Autistic children, regional families and children with complex needs are most affected by:
• tiering
• diversion
• loss of appeal
• service shortages
That makes this more than a policy question.
It becomes a fairness and rights question.
What We Know After Attending the ANPA Roundtable Discussions
Many families have asked what the Thriving Kids (also called No Child Left Behind) inquiry report could mean for children and parents.
We have read the report carefully and compared it with what families, advocates and professionals are seeing in real life.
Our concern is not about intent.
It is about how the changes might work in practice for real families.
What the report is trying to do
The report suggests:
• more early help
• more support in everyday settings like schools and childcare
• fewer children needing to go onto the NDIS
• more use of programs and services that are shared across communities
This sounds positive.
But the way the system is designed matters just as much as the words used to describe it.
Information is not the same as support
The report focuses heavily on:
• parenting information
• online programs
• training and advice
Many parents already know:
• what their child struggles with
• what their child needs
What families often don’t have is:
• time
• energy
• specialist help
• hands-on support
Advice alone does not help a child:
• speak or communicate
• regulate emotions
• eat safely
• sleep
• move
• cope at school
Children need skilled people working with them directly over time.
Parents are already doing a lot
The report assumes parents can keep building their “capacity”.
In reality, many families are already:
• managing appointments
• fighting waitlists
• dealing with schools
• caring for siblings
• working or trying to work
• coping with stress
Shifting more responsibility onto parents without proper supports risks:
• burnout
• family breakdown
• children missing out on help
Support systems should share the load, not quietly pass it to families.
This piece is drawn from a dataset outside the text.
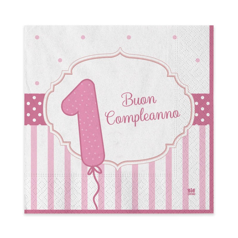 TOVAGLIOLI 33x33 BUON PRIMO COMPLEANNO ROSA 20pz

The balance is a fine line that the government is bulldozing through.
“Mild” and “moderate” labels don’t match real life
The report uses terms like:
• mild
• moderate
These labels:
• are not clinical categories
• do not describe daily life
• do not show how much help a child needs
A child called “mild” can still struggle with:
• friendships
• learning
• behaviour
• anxiety
• toileting
• communication
• sleep
Decisions must be based on:
• what a child actually struggles with
• how it affects their life
Not on broad labels.
Big organisations are not the same as local services
The report often treats large NGOs as the main source of good practice.
Large organisations:
• have more funding access
• can run pilots
• can absorb financial risk
•can access funding
But many no longer work closely inside local communities.
Families depend on:
• small services
• private clinicians
• local providers
• people who know their child and school
These relationships can take years to build.
If small services close:
• they are not easily replaced
• trust is lost
• children lose continuity
Private therapists are not “riskier”
The report suggests private or unregistered providers are riskier.
In reality:
• they follow the same professional rules
• they answer to the same boards
• they are often more flexible
• many avoid NDIS registration due to cost and complexity
If 92% of providers are unregistered, the question should be:
• Why is the system so hard to register with?
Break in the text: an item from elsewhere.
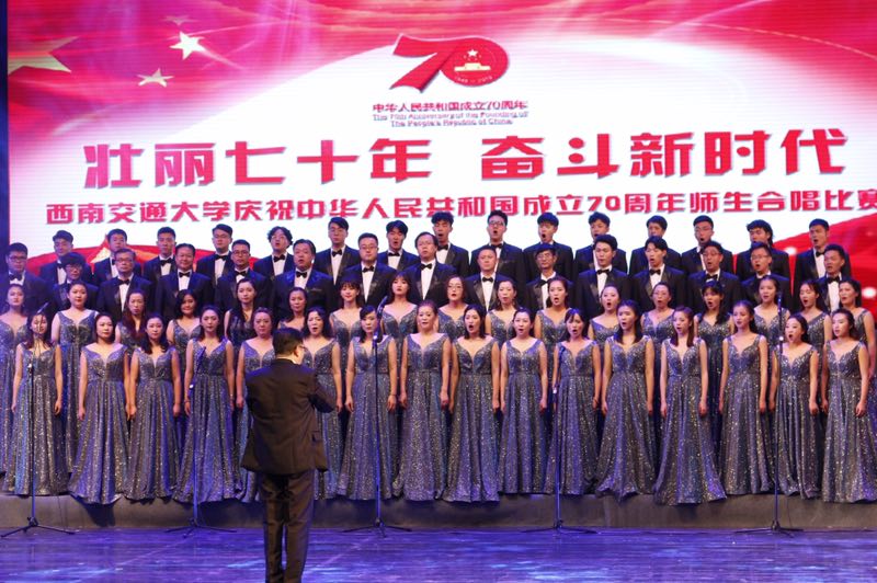 “壮丽七十年 奋斗新时代”庆祝中华人民共和国成立七十周年师生合唱比赛在九里校区学生大礼堂隆重举行。其中,爱看影视

• Not “how do we remove families’ options?”
Choice matters.
Mandatory registration risks service loss
The report supports mandatory registration but:
• does not show how services will transition safely
• does not match workforce capacity
• assumes systems will be ready
If rolled out too fast:
• small services may close
• waitlists will grow
• families will be stranded
Once services disappear:
• rebuilding them is slow
• sometimes impossible
City families are not “covered”
The report focuses on rural shortages.
That is important.
But city families also face:
• long waits
• burned-out therapists
• no available providers
• rationing therapy
Being in a city does not mean access is easy. We have already seen cases of people leaving their roots due to access issues.
Teachers cannot replace therapists
The report leans on schools to do more.
Teachers already:
• manage large classrooms
• handle complex behaviour (some better than others)
• support diverse learners
They are not trained to:
• diagnose disability
• run therapy
• manage clinical intervention
Using schools to fill workforce gaps:
• increases classroom stress
• puts teachers outside scope
• leaves children without proper care
What the funding really means
The Thriving Kids funding:
• is pooled
• spread across thousands of settings
• must pay for systems, admin and workforce
When broken down:
• the amount per child becomes very small
• far less than current NDIS early childhood plans
This creates a risk that:
• support looks broad
• but is thin
• and not enough for the complex reality that children bring.
How Thriving Kids could work
Why tiered systems can block support
Thriving Kids is based on a tiered system.
That means children are sorted into levels of support.
This sounds helpful.
But in real life, tiered systems often become gatekeepers.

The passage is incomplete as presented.